Announcement

Collapse
No announcement yet.
X
  • Filter
  • Time
  • Show
Clear All
new posts

  • Terrible parallelization performance in Mata

    I just ran an example from the SJ paper about boottest ("Fast and Wild") and was surprised at its poor performance. I'm fortunate enough to be working in Stata/MP, and I discovered that the more processors I enabled it to use, the slower it got. I'm using a Dell XPS 17 9700, which has a pretty good cooling system. Its CPU is an Intel i7-10875H, which has 8 cores and hyperthreading. I'm running Stata/MP 12-core 16.1. It's got 64GB of RAM and Windows 10 Pro.

    Here is the log from a distilled demonstration. It sets the number of cores to 1, 2, ..., 12. On each iteration it calls a program that creates a 2500 x 1 matrix X and then computes X + X :* X 10,000 times. Simplifying that calculation to X + X or X :* X makes the problem go away.

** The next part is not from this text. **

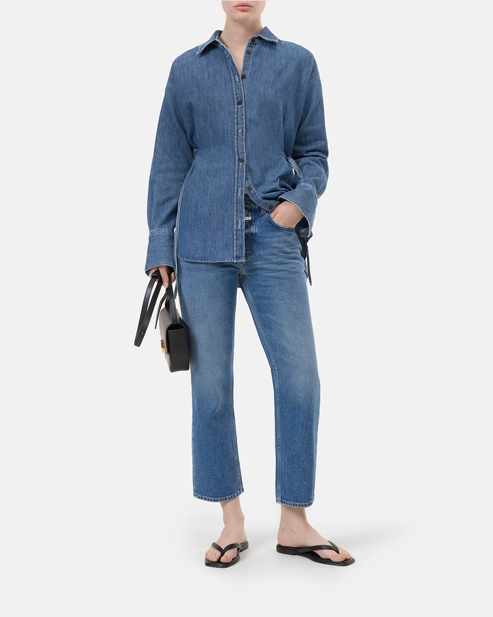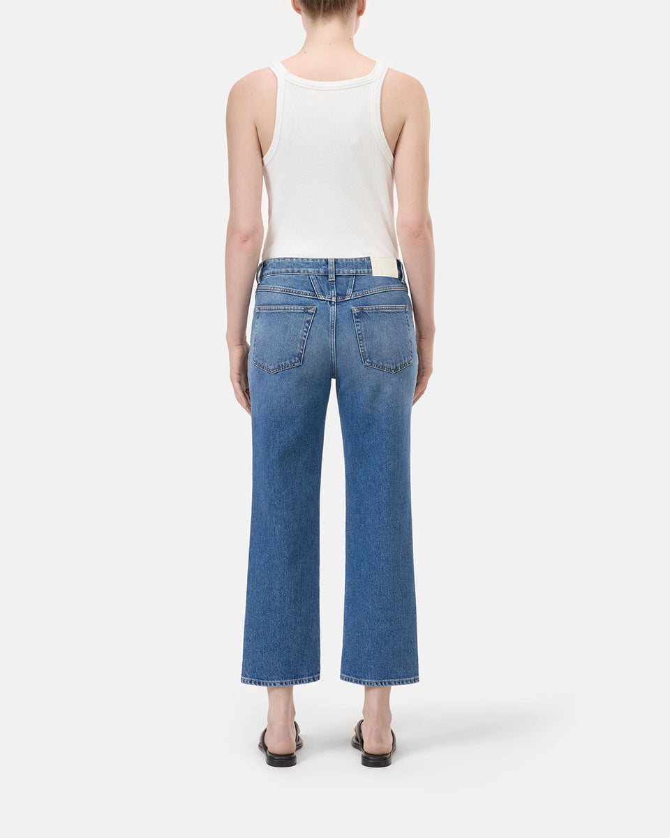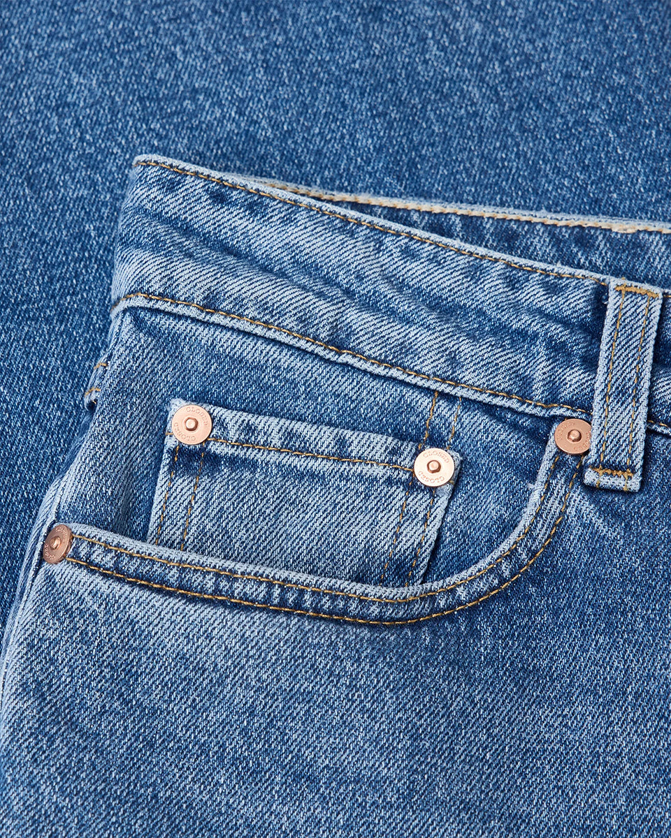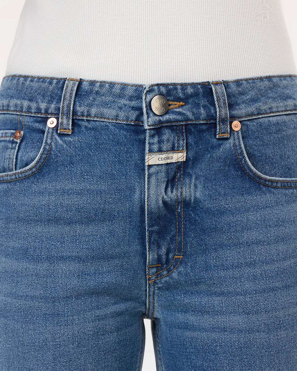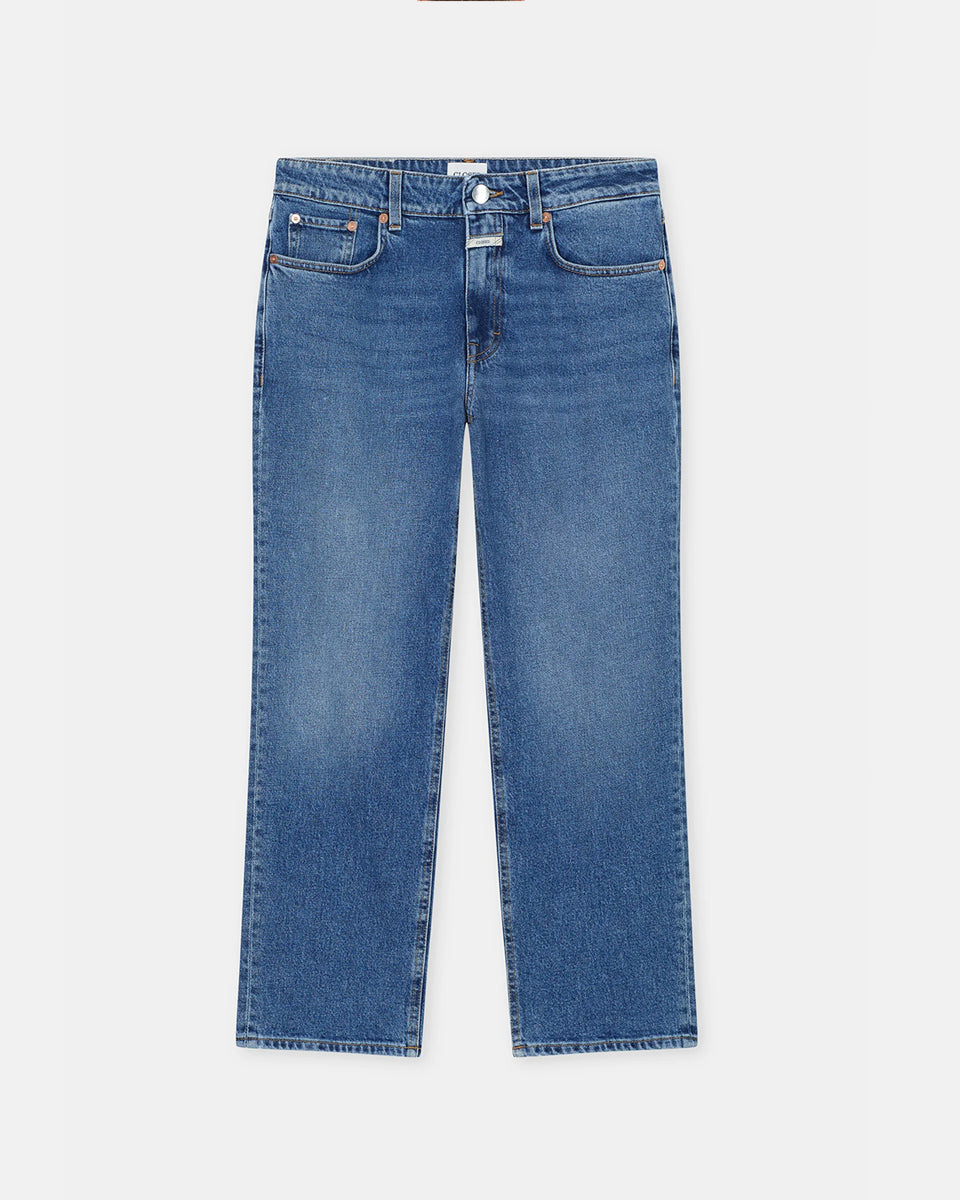 Niebieskie, delikatnie wytarte jeansy Milo marki CLOSED ze średnim stanem i prostą, luźną i skróconą nogawką. Przylegające w biodrach. Spodnie mają pięć kieszeni. Zapinane na guzik i zamek błyskawiczny. Przy rozporku posiadają niewielką, charakterystyczną dla marki naszywkę z logo CLOSED. Wykonane z miękkiego, włoskiego denimu ze streczem, co sprawia, że są niesamowicie komfortowe w noszeniu. Idealne do płaskich klapek i mokasynów.

    I'm wondering if anyone else with access to Stata/MP gets similar results, or has insights. Possibly it doesn't happen on all computers. I understand that implementing invisible parallelization in a compiler is a tricky business. But Stata/MP doesn't come cheap!

    Code:
    cap mata mata drop demo()
    
    mata
    mata set matastrict on
    mata set matalnum off
    mata set mataoptimize on
    
    void demo() {
        real matrix X; real scalar i
        X = runiform(2500,1)
        for (i=10000; i; i--)
            (void) X + X :* X
    }
    end
    
    timer clear
    forvalues p=1/12 {
      qui set processors `p'
      set seed 1202938431
      timer on `p'
      mata demo()
      timer off `p'
    }
    timer list
    Output:
    Code:
    . timer list
       1:      0.14 /        1 =       0.1390
       2:      0.16 /        1 =       0.1640
       3:      1.63 /        1 =       1.6330
       4:      2.02 /        1 =       2.0150
       5:      2.47 /        1 =       2.4680
       6:      2.92 /        1 =       2.9210
       7:      3.38 /        1 =       3.3780
       8:      3.84 /        1 =       3.8370
       9:      4.26 /        1 =       4.2640
      10:      4.70 /        1 =       4.7040
      11:      5.21 /        1 =       5.2100
      12:      5.63 /        1 =       5.6260
    That's right: using 1 core takes 0.14 seconds. Using 8 cores takes 3.84 seconds. Using 12 (with hyperthreading) takes 5.63 seconds.

    Here's output I get from Stata 15.0--it's actually better! But still bad:
    Code:
       1:      0.13 /        1 =       0.1280
       2:      0.14 /        1 =       0.1440
       3:      1.09 /        1 =       1.0900
       4:      1.35 /        1 =       1.3460
       5:      1.55 /        1 =       1.5540
       6:      1.78 /        1 =       1.7810
       7:      2.10 /        1 =       2.1010
       8:      2.35 /        1 =       2.3540
       9:      2.59 /        1 =       2.5920
      10:      2.89 /        1 =       2.8890
      11:      3.16 /        1 =       3.1570
      12:      3.41 /        1 =       3.4120
    I monitored CPU usage during these tests and saw no evidence of throttling.

    I'm worried that my Mata-based programs are getting seriously slowed down.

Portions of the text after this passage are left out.